▸ **PROBLEM DETAILS**: Without the pictures, output all of the data exactly.

▸ **GIVEN MATERIAL**:
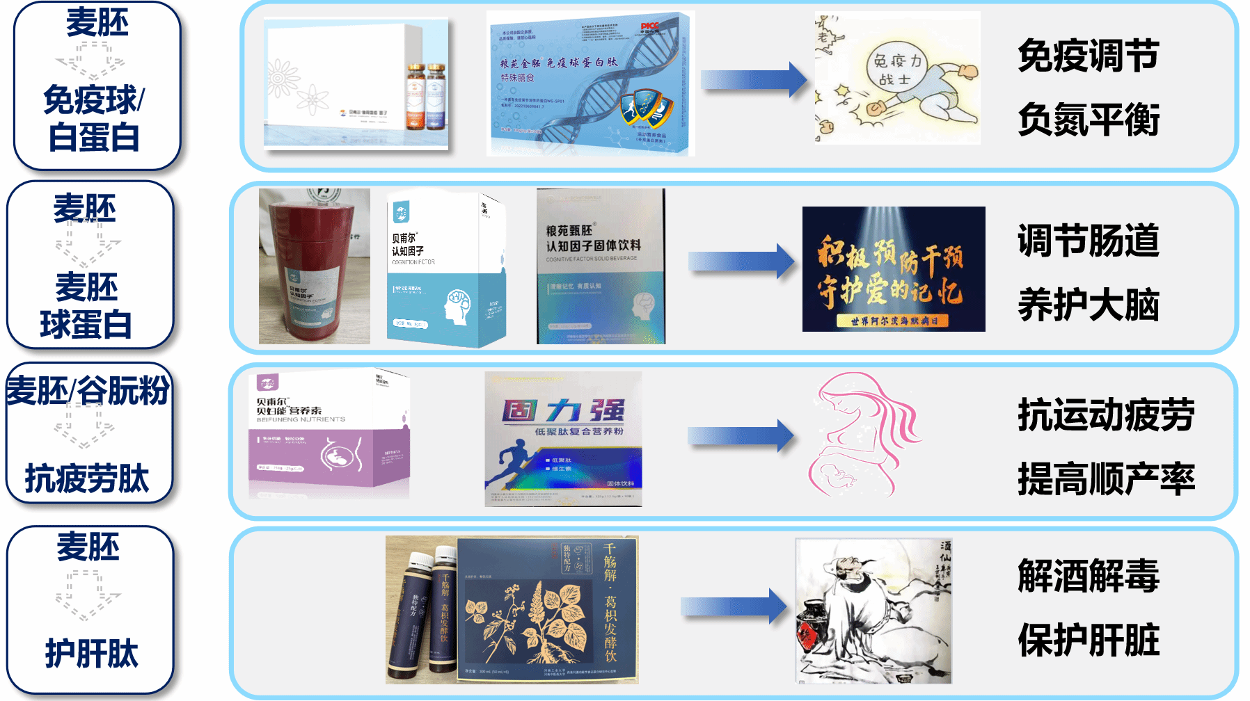 应用前景:1、免疫调节:麦胚免疫球蛋白/白蛋白,可广泛应用于术后、癌症放化疗等免疫力低下人群;2、预防认知障碍:麦胚认知因子,可基于肠-脑轴预防阿尔兹海默症的发生,助力主动健康老龄化;3、抗疲劳:麦胚白蛋白及抗疲劳肽,可作为运动群体、孕产妇等的能量补充剂;4、护肝修复:小麦源高F值低聚肽、葛枳酵素饮,可有效缓解酒精性肝损伤等。
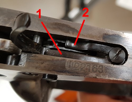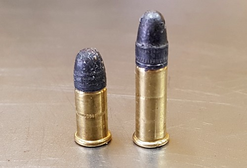 3 juli 2019. De .22 short binnenkant Op de foto's hierboven ziet u de verschillen in patroon tussen de .22 short en de .22LR (Long Rifle), wat nu de gangbare .22 kleinkaliber patroon is. U ziet ook dat de kamer ondiep is. De .22 Short past maar de 22LR steekt een stuk verder uit en is in dit geweer niet te kameren. Van Flobert naar 22 short De 22 short rimfire (randvuur) patroon is ontwikkeld en op de markt gebracht door Smith & Wesson voor een in 1857 uitgebrachte .22 short revolver van S&W. Niet dat u nu denkt dat Winchester de rimfire patroon bedacht heeft, nee hoor, dat is gewoon gebeurt in Europa. Patenten daarvoor zijn uitgegeven in 1831 aan de Engelse heer J.A. Robert met een papierpatroon die onstoken werd door tegen een pin te slaan die aan de achterkant uit de huls, dus niet zijwaarts zoals de pin fire van Casimir Lefaucheux. In feite hielden in die jaren heel veel verschillende mensen zich bezig om tot een praktische soort van eenheidspatroon te komen. Flobert de voorloper In 1849 kreeg de Franse meneer Flobert een patent op een pas écht goed idee, gezien het succes van dit systeem in de volgende jaren. Een patroon waarvan de messing huls geprimed is met slagsas in de bodem zonder uitstekende delen met een rond kogeltje er bovenop. Een kant en klare patroon om zo mee te schieten, het eerste rimfire systeem. Hildo ziet het verschil niet echt tussen de Flobert en rimfire behalve in kogel diameters. De Flobert was er eerst in 6 en 9 millimeter, later kwamen er meer bij. Sommige zijn niet voorzien van kruit en gedacht voor schijfschieten binnenshuis. Met iets kruit erbij en in een geweertje komen daar kersenetende vogels in de tuin en ratten in de schuur bij. Pinfire van Casimir Lefaucheux De ontwikkeling tot eenheidspatroon leverde onder anderen het pinfire systeem op. Ook al voorzien van een messing huls, waar aan de zijkant een pinnetje uitsteekt. Dat pinnetje zit aan de binnenkant tegen een percussiekapje aan en als u er tegen tikt gaat de patroon af. Dit patent dateert van 1835, is ook behoorlijk succesvol geweest. Eerst alleen geweren en pistolen. Later in de 12mm Lefaucheux de Marine Mle 1854 als eerste revolver voor het Franse leger, een ontwikkeling van zoon Eugéne. Dit was in feite een naar penvuur geconverteerde Colt 1851 met wat optische aanpassingen. Vader Casimir, die jarenlang vergeefs geprobeerd had zijn producten aan het leger te verkopen, was al in 1852 overleden. In later jaren zijn er en masse kleine penvuur pistooltjes en revolvertjes gemaakt voor, met name, zelfbescherming. Volgende week gaat Hildo met zo'n, iets nieuwer en klein, penvuur revolvertje schieten!
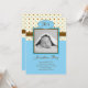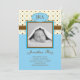 Invitación de encargo moderna del nacimiento para un muchacho. Añada su propia foto y palabras. Ofrece los monogramas de las iniciales del bebé y un fondo lindo de los lunares en azul y marrón. Con clase con todo juguetón.

▸ **YOUR SOLUTION**:
 应用前景:1、免疫调节:麦胚免疫球蛋白/白蛋白,可广泛应用于术后、癌症放化疗等免疫力低下人群;2、预防认知障碍:麦胚认知因子,可基于肠-脑轴预防阿尔兹海默症的发生,助力主动健康老龄化;3、抗疲劳:麦胚白蛋白及抗疲劳肽,可作为运动群体、孕产妇等的能量补充剂;4、护肝修复:小麦源高F值低聚肽、葛枳酵素饮,可有效缓解酒精性肝损伤等。
 3 juli 2019. De .22 short binnenkant Op de foto's hierboven ziet u de verschillen in patroon tussen de .22 short en de .22LR (Long Rifle), wat nu de gangbare .22 kleinkaliber patroon is. U ziet ook dat de kamer ondiep is. De .22 Short past maar de 22LR steekt een stuk verder uit en is in dit geweer niet te kameren. Van Flobert naar 22 short De 22 short rimfire (randvuur) patroon is ontwikkeld en op de markt gebracht door Smith & Wesson voor een in 1857 uitgebrachte .22 short revolver van S&W. Niet dat u nu denkt dat Winchester de rimfire patroon bedacht heeft, nee hoor, dat is gewoon gebeurt in Europa. Patenten daarvoor zijn uitgegeven in 1831 aan de Engelse heer J.A. Robert met een papierpatroon die onstoken werd door tegen een pin te slaan die aan de achterkant uit de huls, dus niet zijwaarts zoals de pin fire van Casimir Lefaucheux. In feite hielden in die jaren heel veel verschillende mensen zich bezig om tot een praktische soort van eenheidspatroon te komen. Flobert de voorloper In 1849 kreeg de Franse meneer Flobert een patent op een pas écht goed idee, gezien het succes van dit systeem in de volgende jaren. Een patroon waarvan de messing huls geprimed is met slagsas in de bodem zonder uitstekende delen met een rond kogeltje er bovenop. Een kant en klare patroon om zo mee te schieten, het eerste rimfire systeem. Hildo ziet het verschil niet echt tussen de Flobert en rimfire behalve in kogel diameters. De Flobert was er eerst in 6 en 9 millimeter, later kwamen er meer bij. Sommige zijn niet voorzien van kruit en gedacht voor schijfschieten binnenshuis. Met iets kruit erbij en in een geweertje komen daar kersenetende vogels in de tuin en ratten in de schuur bij. Pinfire van Casimir Lefaucheux De ontwikkeling tot eenheidspatroon leverde onder anderen het pinfire systeem op. Ook al voorzien van een messing huls, waar aan de zijkant een pinnetje uitsteekt. Dat pinnetje zit aan de binnenkant tegen een percussiekapje aan en als u er tegen tikt gaat de patroon af. Dit patent dateert van 1835, is ook behoorlijk succesvol geweest. Eerst alleen geweren en pistolen. Later in de 12mm Lefaucheux de Marine Mle 1854 als eerste revolver voor het Franse leger, een ontwikkeling van zoon Eugéne. Dit was in feite een naar penvuur geconverteerde Colt 1851 met wat optische aanpassingen. Vader Casimir, die jarenlang vergeefs geprobeerd had zijn producten aan het leger te verkopen, was al in 1852 overleden. In later jaren zijn er en masse kleine penvuur pistooltjes en revolvertjes gemaakt voor, met name, zelfbescherming. Volgende week gaat Hildo met zo'n, iets nieuwer en klein, penvuur revolvertje schieten!
 Invitación de encargo moderna del nacimiento para un muchacho. Añada su propia foto y palabras. Ofrece los monogramas de las iniciales del bebé y un fondo lindo de los lunares en azul y marrón. Con clase con todo juguetón.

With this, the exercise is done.